I try to import data into a google spreadsheet using importxml, but every time I try I get the same error: ”The imported xml content cannot be parsed”. (The original message is german, I translated.)

The data I want do import is located in the h1 of a amazon product page. As an example I use the following: https://www.amazon.de/Harry-Potter-verwunschene-Special-Rehearsal/dp/3551559007/.

Do you understand why the following does not work?

=importXml("https://www.amazon.de/Harry-Potter-verwunschene-Special-Rehearsal/dp/3551559007/"; "//h1/span[1]")

I appreciate every helping hand!

1
Stackoverflow is for programming questions.

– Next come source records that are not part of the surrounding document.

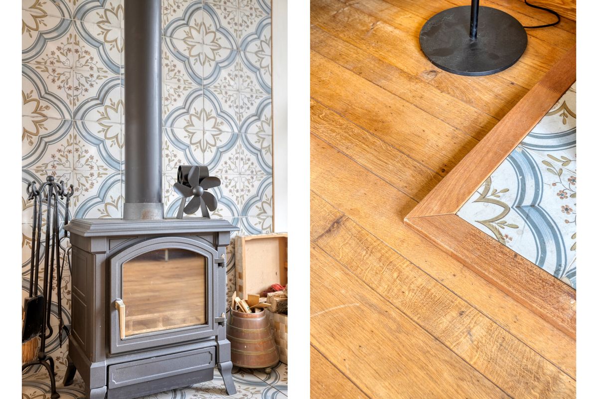 En dan de woonkamer… wauw. Wat een licht, wat een ruimte — maar liefst 42 m² aan woonplezier en dat is zonder de keuken en de bijkeuken! De erker aan de voorzijde zorgt voor een charmant uitzicht en prachtige lichtinval. De houtkachel (ter overname) brengt direct sfeer en warmte, terwijl de authentieke open keuken met moderne apparatuur de perfecte balans biedt tussen karakter en comfort.
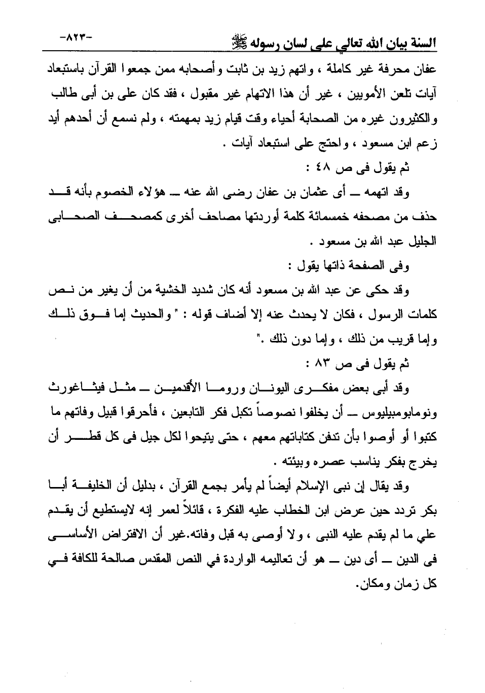 ثم يقول فى ص 48: وقد اتهمه ـ أى عثمان بن عفان رضى الله عنه ـ هؤلاء الخصوم بأنه قد حذف من مصحفه خمسمائة كلمة أوردتها مصاحف أخرى كمصحف الصحابى الجليل عبد الله بن مسعود.
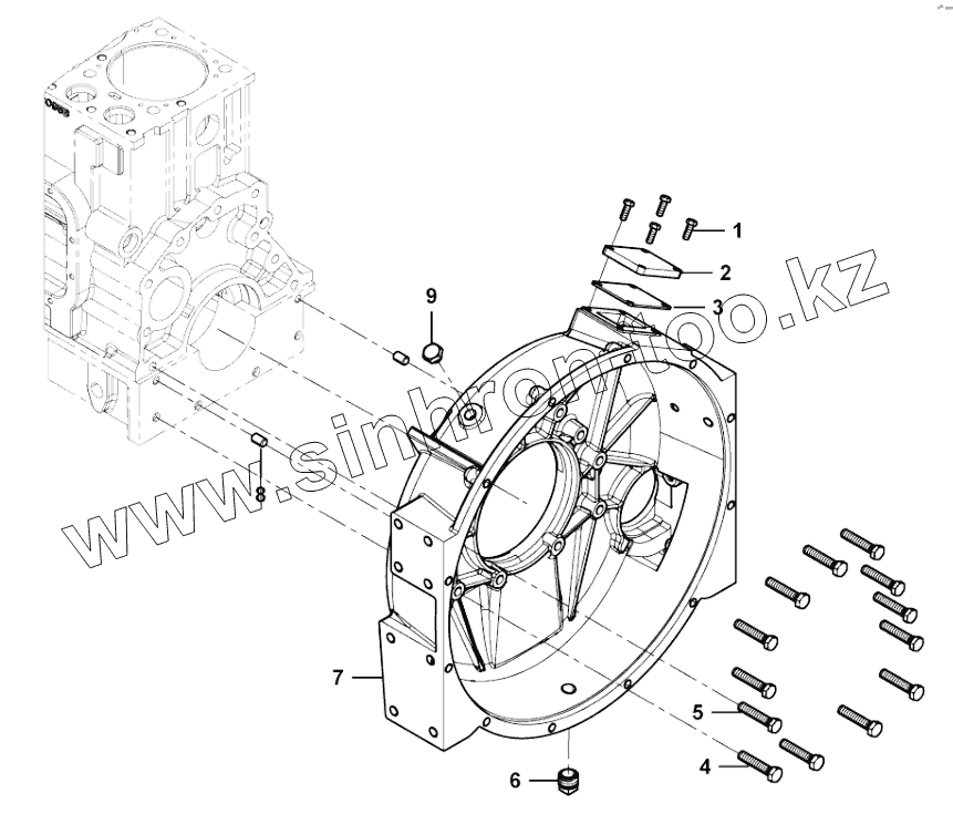 Каталог запасных частей к технике: Weichai WD10 G220E23. Flywheel housing group
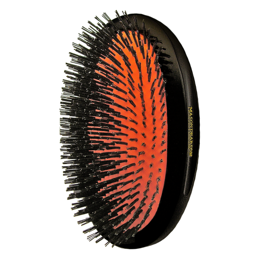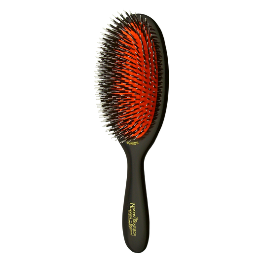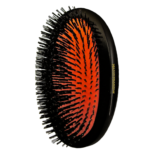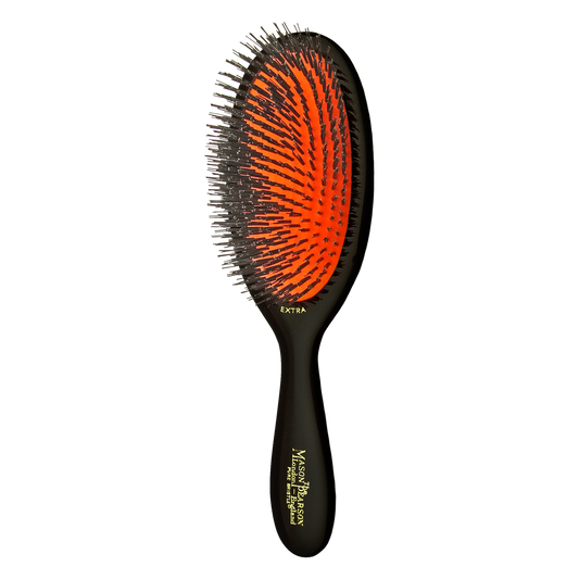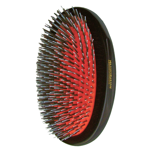 Their unique pneumatic rubber-cushion pad, made by hand using Mason Pearson's original techniques, allows for effective and efficient brushing. It is kind to use and massages the scalp.

Google spreadsheet questions are more suited for WebApps. - MikeJRamsey56

1 Answers

0
votes

SO it's now being loaded by javascript so if you take that last number on the end of your URL 3551559007 and append it onto this URL string https://www.amazon.de/gp/search-inside/service-data?method=getBookData&asin= you will see the raw JSON where the data is - and you can parse it from there:

https://www.amazon.de/gp/search-inside/service-data?method=getBookData&asin=3551559007

so in this case you can basically us this formula to get out the title:

=REGEXREPLACE(CONCATENATE(IMPORTDATA(A1)),"(^.*title:"")(.*)(""type:""html.*)","$2")

enter image description here

or you can find the import json custom function and set that all up - the above will be quicker.